YOUR INSTRUCTIONS: Copy, word for word, the lines below from the one containing "Reference: G905The Nursery" up to and including the one containing "리투아니아 수도 빌뉴스", with pictures left out.

======== INFORMATION

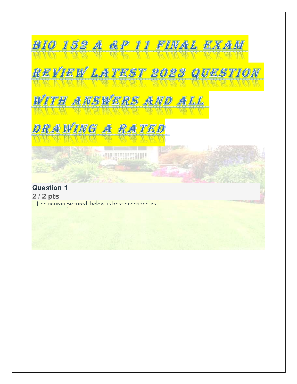 Ace your BIO 152 A & P 11 Final Exam with this comprehensive review guide featuring the latest 2023 questions and answers. Includes all drawing A rated for a complete study experience.
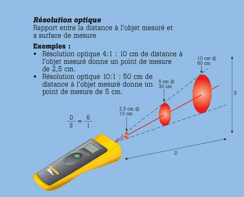 La résolution optique est fonction de la zone de mesure de l'objet testé et de la distance à l'instrument. On la définit également comme le rapport entre la distance de mesure et la surface sur laquelle est effectuée la mesure. Étudiez d'abord votre application ! Un instrument de mesure d'une résolution optique de 4:1 ne pourra être utilisé efficacement pour mesurer la température d'un objet situé à 1,5 m -même si le rayon laser du pointeur atteint cette distance. Essayez donc, avant tout achat, de déterminer comment vous allez utiliser votre thermomètre IR, puis choisissez un outil offrant une résolution optique adaptée à vos applications. De nombreuses lectures incorrectes proviennent en effet d'une erreur du technicien qui, sans le savoir, mesure une zone plus grande que l'objet visé !
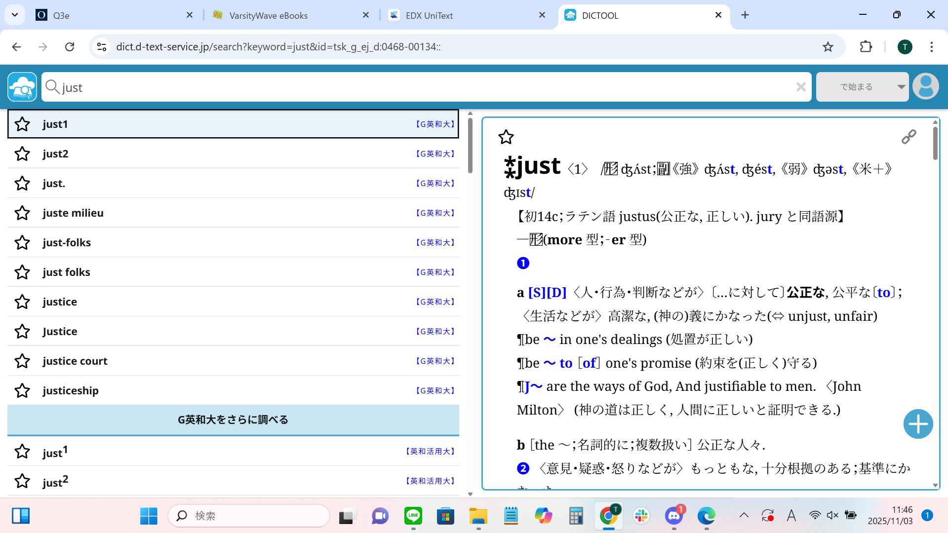 また、調べた単語の説明文の中に他の単語のページに飛ぶことのできるリンクが付いているところも便利だと感じました。説明を読んでいて、「この単語がわからない」となったときに調べなおす必要がないので、勉強やレポート作成の効率が上がりました。
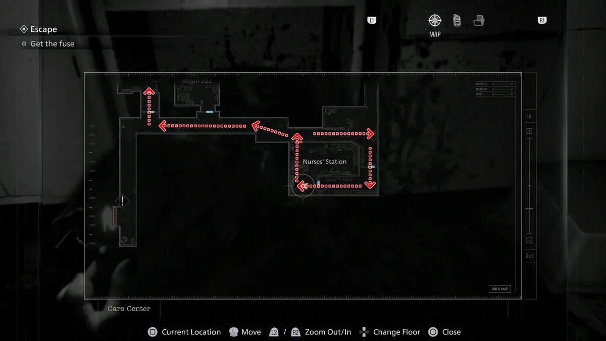 Вийшовши з кімнати 201, одразу повертайте праворуч. Запобіжник потрібно вставити в панель біля ґратчастих воріт. Надзвичайно важливо зробити це швидко. Якщо забаритеся — доведеться знову намотувати кола навколо поста медсестри, ризикуючи потрапити в лапи чудовиська.
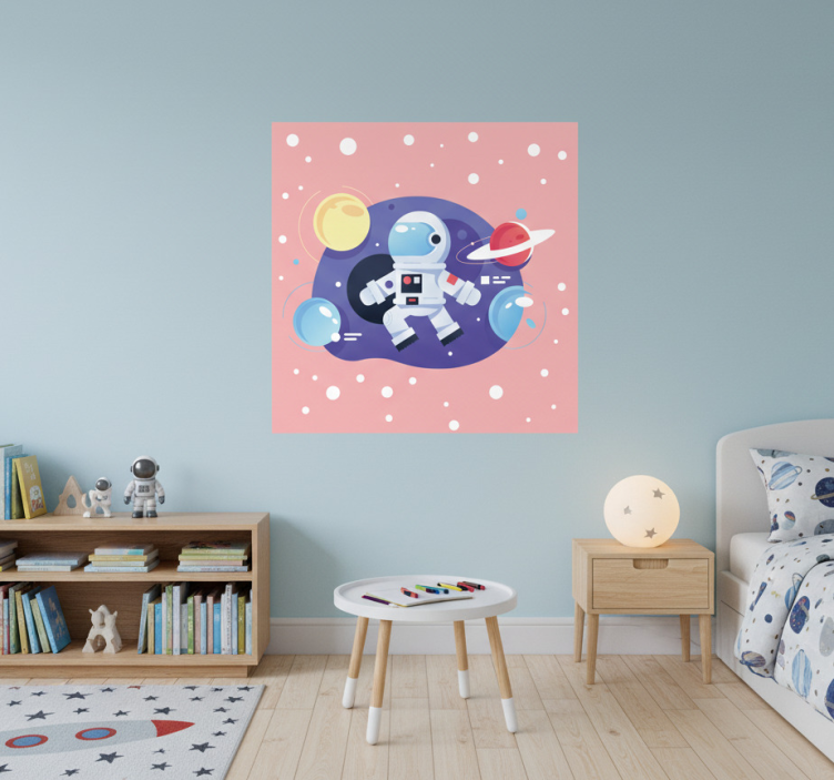 Reference: G905The Nursery poster of cartoon spaceman symbols is a visually captivating addition to any child's room! Featuring vibrant illustrations of adorable spacemen and whimsical celestial elements, this poster combines high colour intensity with a semi-matt finish that eliminates reflections, making it perfect for brightening up your nursery. Crafted with a sturdy 180g/m2 grammage, this poster is designed to withstand the playful energy of children while enhancing their creative space!
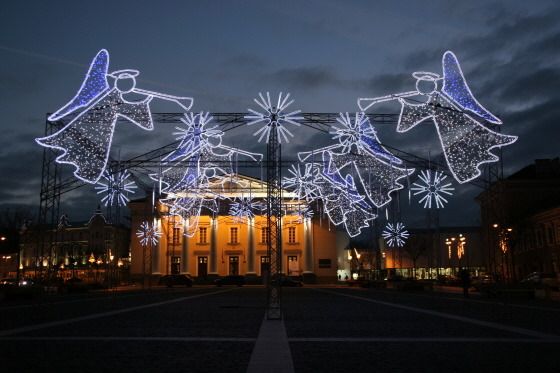 리투아니아 수도 빌뉴스 구시가지를 대표하는 광장이 둘이다. 하나는 대성당 광장, 다른 하나는 로투쉐 광장이다. 대성당 광장에는 크리스마스 트리다운 크리스마스 트리가 세워져 있다. 보통 숲 속에서 베어온 전나무나 전나무 가지로 장식한다. 하지만 올해는 철골과 인조 나뭇가지를 이용했다.
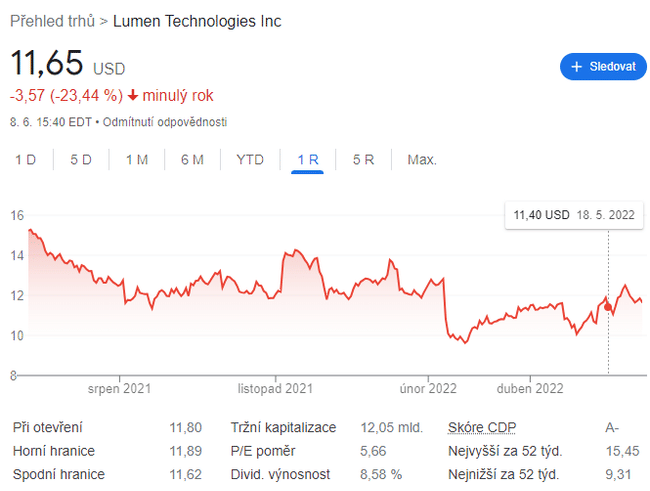 Aktsiad on langenud koos ülejäänud tehnoloogiasektoriga. Lumen on viimase aasta jooksul kaotanud 20% oma väärtusest.

================

PROBLEM SOLUTION:
 Reference: G905The Nursery poster of cartoon spaceman symbols is a visually captivating addition to any child's room! Featuring vibrant illustrations of adorable spacemen and whimsical celestial elements, this poster combines high colour intensity with a semi-matt finish that eliminates reflections, making it perfect for brightening up your nursery. Crafted with a sturdy 180g/m2 grammage, this poster is designed to withstand the playful energy of children while enhancing their creative space!
 리투아니아 수도 빌뉴스 구시가지를 대표하는 광장이 둘이다. 하나는 대성당 광장, 다른 하나는 로투쉐 광장이다. 대성당 광장에는 크리스마스 트리다운 크리스마스 트리가 세워져 있다. 보통 숲 속에서 베어온 전나무나 전나무 가지로 장식한다. 하지만 올해는 철골과 인조 나뭇가지를 이용했다.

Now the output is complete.